▶ [THE INPUT]:
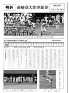
▲令和元年7月21日 号外
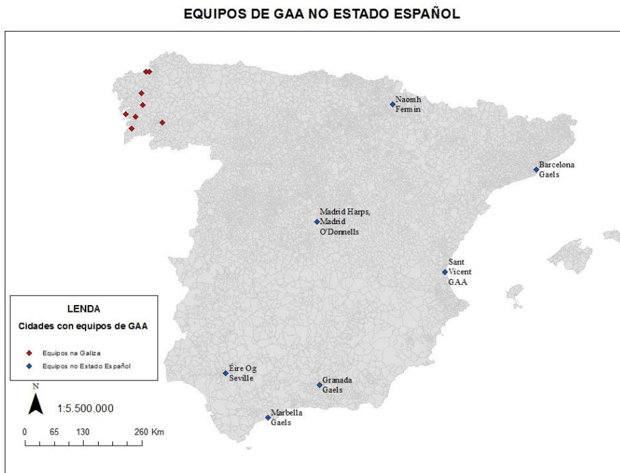
Mapa 1.1. Distribución dos equipos de GAA no Estado español.
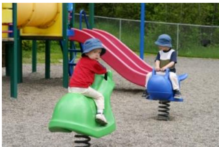
Slika 4. Spontano vježbanje djece predškolske dobi

Spontano vježbanje podrazumijeva neplanirane tjelovježbene aktivnosti djece koje djeca provode samoinicijativno i bez organizacije voditelja. Djeca bez pitanja započinju s nekom aktivnošću i isto tako nakon što im ta aktivnost dosadi ili iz nekog drugog razloga prestanu s njom, djeca opet bez pitanja prestaju s aktivnošću i započinju raditi nešto drugo. Tijekom spontanog vježbanja voditelj prati djecu s ciljem čuvanja. Ukoliko je moguće, djeci je potrebno omogućiti provođenje spontanih tjelovježbenih aktivnosti više puta dnevno jer na taj način djeca usavršavaju biotička motorička znanja i motoričke sposobnosti.
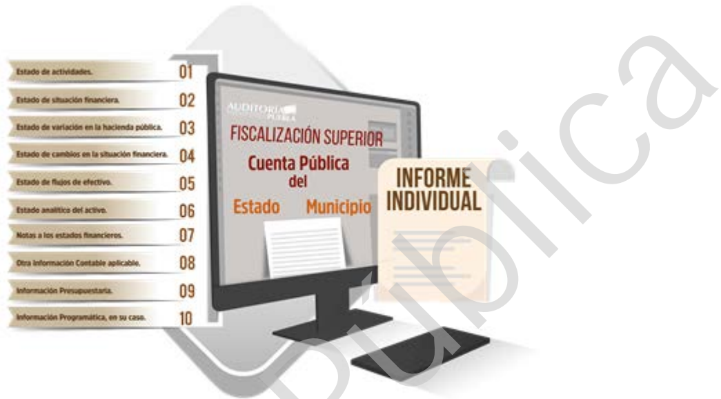
Diagrama 2 Enfoque a Procesos de la Fiscalización Superior 2016
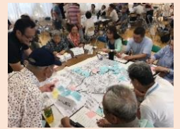
地域自治組織の活動
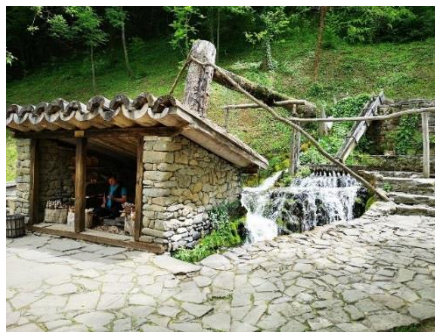
COMPLEJO ETNOGRÁFICO ETAR

En la calle de las artesanías, los visitantes pueden observar en tiempo real la labor de los maestros.
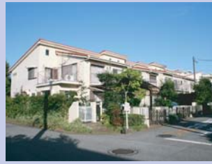
1-3北柏ライフタウン リズミカルなスカイラインの街並みです。
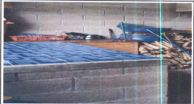
Foto 2: Suministro e instalación de Azulejo en mesa de concreto de cocina
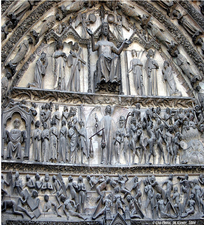
Tympan de la cathédrale de Bourges (1195, début de la construction)

▶ [WHAT NEEDS TO BE DONE]: Go to the line above that has "COMPLEJO ETNOGRÁFICO ETAR" and copy exactly from there down to the line that has "Foto 2: Suministro", both included. Leave the pictures out.

▶ [EXERCISE RESULT]:
COMPLEJO ETNOGRÁFICO ETAR

En la calle de las artesanías, los visitantes pueden observar en tiempo real la labor de los maestros.
1-3北柏ライフタウン リズミカルなスカイラインの街並みです。
Foto 2: Suministro e instalación de Azulejo en mesa de concreto de cocina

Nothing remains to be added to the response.